The tenancy terms are, that for two years the settler is a tenant at will, the agreement being terminable by either party at any time without compensation. At the end of these two years, subject to the approval of the Director of the Settlement, the settler can take a 999 years' lease of his holding, the Army for obvious reasons retaining the freehold. After the first year of this lease, the rental payable for forty years is to be 5 per cent per annum upon the capital invested in the settlement of the man and his family upon the holding, which rent is to include the cost of the house, land, and improvements, and all moneys advanced to him during his period of probation.
It is estimated that this capital sum will average £520 per holding, so that the tenant's annual rent for forty years will be £26, after which he will have nothing more to pay save a nominal rent, and the remainder of the lease will be the property of himself, or rather, of his descendants. This property, I presume, will be saleable.
So, putting aside all legal technicalities and complications, it comes to this: the tenant is started for two years after which he pays about £4 a year rent per acre for the next forty years, and thereby virtually purchases his holding. The whole question, which time alone can answer, is whether a man can earn £4 per acre rent per annum, and, in addition, provide a living for himself and family out of a five-acre holding on medium land near Colchester.
The problem is one upon which I cannot venture to express any decisive opinion, even after many years of experience of such matters. I trust, however, that the answer may prove to be in the affirmative, and I am quite sure that if any Organization is able to cause it to work out this way, that Organization is the Salvation Army, whose brilliant business capacity can, as I know, make a commercial success of the most unpromising materials.
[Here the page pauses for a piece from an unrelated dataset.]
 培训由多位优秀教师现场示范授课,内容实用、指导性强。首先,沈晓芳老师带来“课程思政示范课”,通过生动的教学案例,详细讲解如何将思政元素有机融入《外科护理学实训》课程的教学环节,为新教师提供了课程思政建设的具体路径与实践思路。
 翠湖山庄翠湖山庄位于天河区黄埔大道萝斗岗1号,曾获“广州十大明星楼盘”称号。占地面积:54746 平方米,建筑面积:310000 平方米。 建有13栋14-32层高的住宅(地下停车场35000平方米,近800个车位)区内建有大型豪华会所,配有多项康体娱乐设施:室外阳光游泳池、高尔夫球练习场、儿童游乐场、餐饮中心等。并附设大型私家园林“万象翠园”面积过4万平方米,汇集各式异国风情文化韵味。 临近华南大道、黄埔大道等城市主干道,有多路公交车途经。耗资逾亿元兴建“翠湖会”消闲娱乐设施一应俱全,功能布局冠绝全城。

I should like to point out that this venture is one of great and almost of national importance, because if it fails then it will be practically proved that it is impossible to establish small holders on the land by artificial means, at any rate, in England, and at the present prices of agricultural produce. It is not often that a sum of £40,000 will be available for such a purpose, and with it the direction of a charitable Organization that seeks no profit, the oversight of an Officer as skilled and experienced as Lieut.-Colonel Hiffe, and, in addition, a trained Superintendent who will afford advice as to all agricultural matters, a co-operative society ready to hire out implements, horses and carts at cost price, and, if so desired, to undertake the distribution or marketing of produce. Still, notwithstanding all these advantages, I have my misgivings as to the ultimate result.
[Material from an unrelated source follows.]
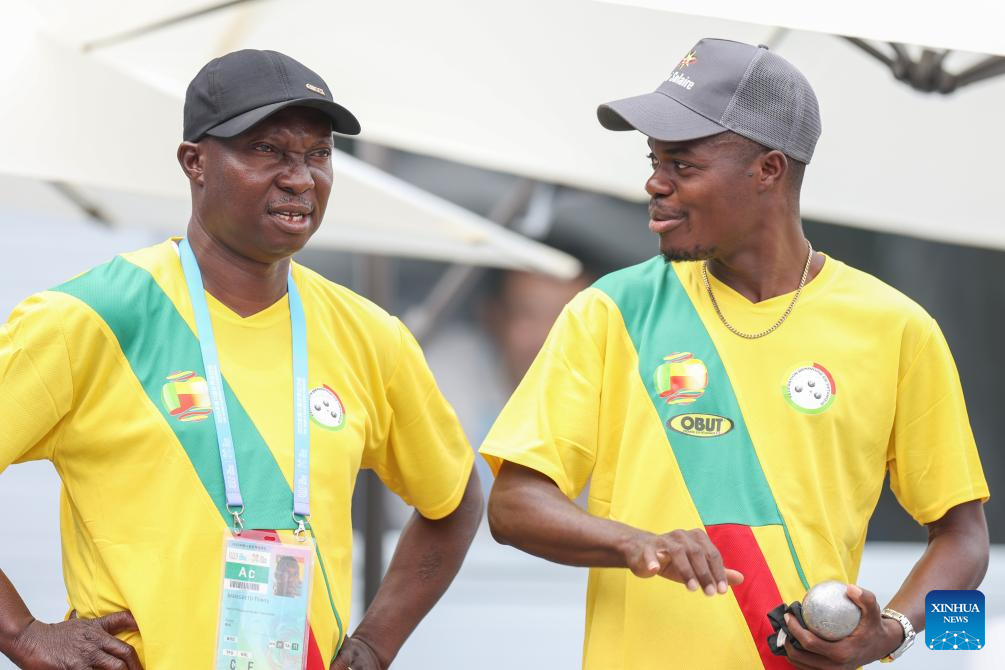 Marcel Gbetable (R) of Benin communicates with his coach during the Boules Sports Men's Petanque Precision Shooting Gold Medal Match against Andrea Chiapello of Italy at The World Games 2025 in Chengdu, southwest China's Sichuan Province, Aug. 16, 2025. (Xinhua/Zhang Liyun)

The men chosen to occupy these holdings by a Selection Committee of Salvation Army Officers, are for the most part married people who were born in the country, but had migrated to the towns. Most of them have more or less kept themselves in touch with country life by cultivating allotments during their period of urban residence, and precedence has been given to those who have shown a real desire to return to the land. Other essentials are a good character, both personal and as a worker, bodily and mental health, and total abstention from any form of alcohol. No creed test is required, and there are men of various religious faiths upon the Settlement, only a proportion of them being Salvationists.